The main goal of the VLC diet was to restrict carbohydrate to <10% of total energy. Customized diabetic exchange lists were used to ensure a constant energy and balance of protein (˜25% of energy), fat (˜65% of energy), and carbohydrate (˜10% of energy) throughout the day. There were no restrictions on the type of fat from saturated and unsaturated sources or cholesterol levels. Foods commonly consumed included beef (e.g., hamburger, steak), poultry (e.g., chicken, turkey), fish, oils, nuts/seeds, peanut butter, moderate amounts of vegetables, salads with low-carbohydrate dressing, moderate amounts of cheese, eggs, protein powder, and water or low-carbohydrate diet drinks.
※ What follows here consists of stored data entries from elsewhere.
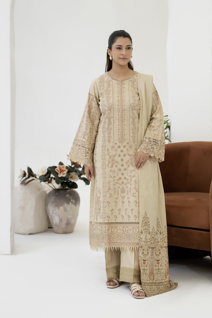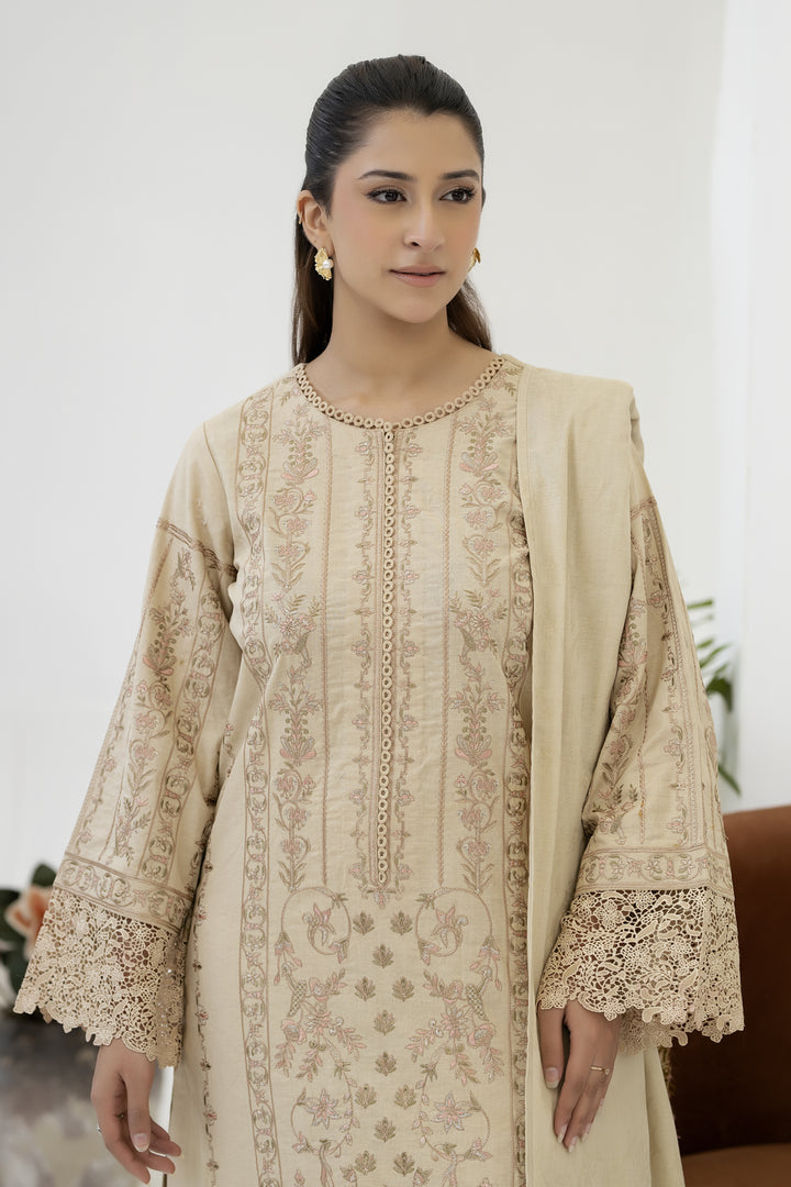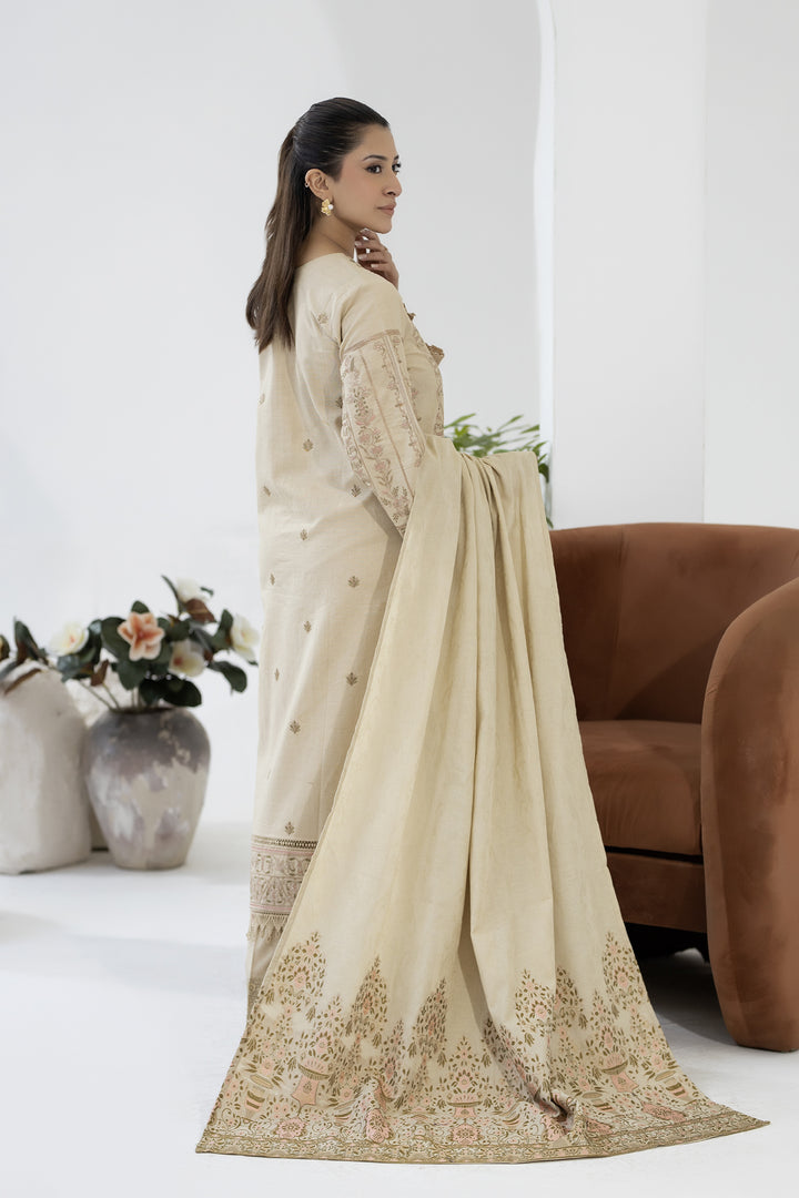 Description: Embroidered khaddar With Banarasi Jacquard Shawl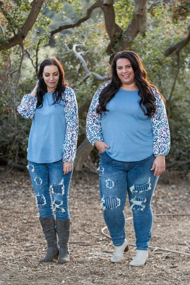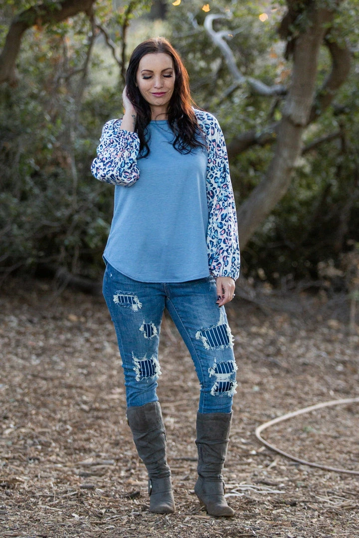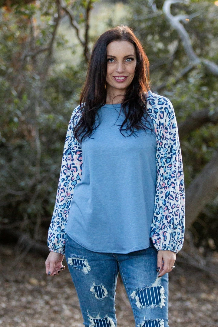 How delightful is this one of a kind puff sleeve raglan?! We can see this gorgeous top looking amazing on a snowy backdrop, as well as once we start transitioning into spring. Talk about a top that you can wear year round! Featuring a round neckline, banded balloon raglan sleeves and a rounded hemline.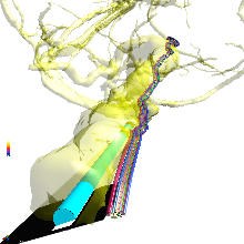 Axonal trajectories, created in terms of splines either using the GUI CAD features or numerically using the Python interface can be positioned in the relevant structures (i.e., fascicles) according to user-defined rules (number of axons, length, displacement, etc.) or following realistic nerve trajectories in computational human models. They can be created as well as random spline trajectories within specified entities (for example within fascicles) using the Sim4Life IMSafe tool for implant safety evaluations.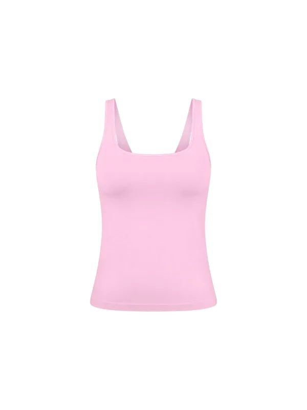 Design: Gevoerde zoom/rand; Materiaal: Jersey; Halstype: Carréhals; Motief: Effen; Soort bandjes: Normale bandjes; Extra's: Op staal naden, Naadloos; Pasvorm: Slanke pasvorm; Armlengte: Mouwloos; Lengte: Normale lengte
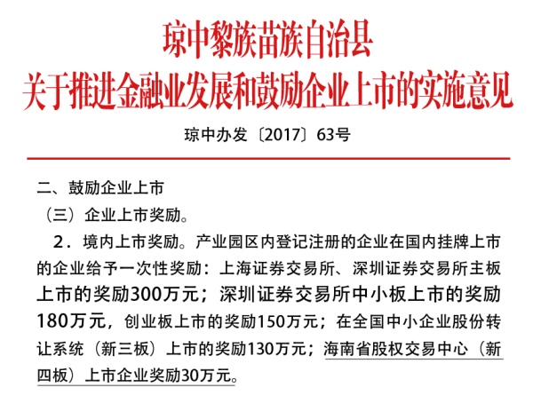 為扶持中小微企業(yè)對(duì)接資本市場(chǎng),鼓勵(lì)企業(yè)上市、掛牌和融資。瓊中縣政府印發(fā)《瓊中黎族苗族自治縣關(guān)于推進(jìn)金融業(yè)發(fā)展和鼓勵(lì)企業(yè)上市的實(shí)施意見(jiàn)》(瓊中辦〔2017〕63號(hào)),意見(jiàn)指出,對(duì)在區(qū)域性股權(quán)交易市場(chǎng)掛牌的瓊中縣注冊(cè)登記的企業(yè),給予一次性獎(jiǎng)勵(lì)30萬(wàn)元(適用于完成股改并在海南股交交易板掛牌的瓊中縣企業(yè))。

Excellent compliance was attained as measured by production of urinary and blood ketones, indicating a high degree of dietary compliance in terms of carbohydrate restriction. Subjects tested and recorded their urine ketones daily using reagent strips (Bayer Corporation, Elkhart, Ind.).
Body Mass and Body Composition. Body mass and body composition were measured in the morning after an overnight fast. Body mass was recorded to the nearest 100 g on a calibrated digital scale with subjects either nude or wearing only underwear. Whole body and regional body composition were assessed using a state-of-the-art fan-beam DXA (Prodigy™, Lunar Corporation, Madison, Wis.). Analyses were performed by the same blinded technician. Regional analysis of the abdomen was assessed by placing a box between L1 and L4 using commercial software (enCORE version 6.00.270). This abdominal region of interest has been shown to be a highly reliable and accurate determinant of abdominal obesity compared to multi-slice computed tomography [40]. It has previously been found that, compared to a LF diet, a VLC diet results in preferential loss of fat in this abdominal region [25].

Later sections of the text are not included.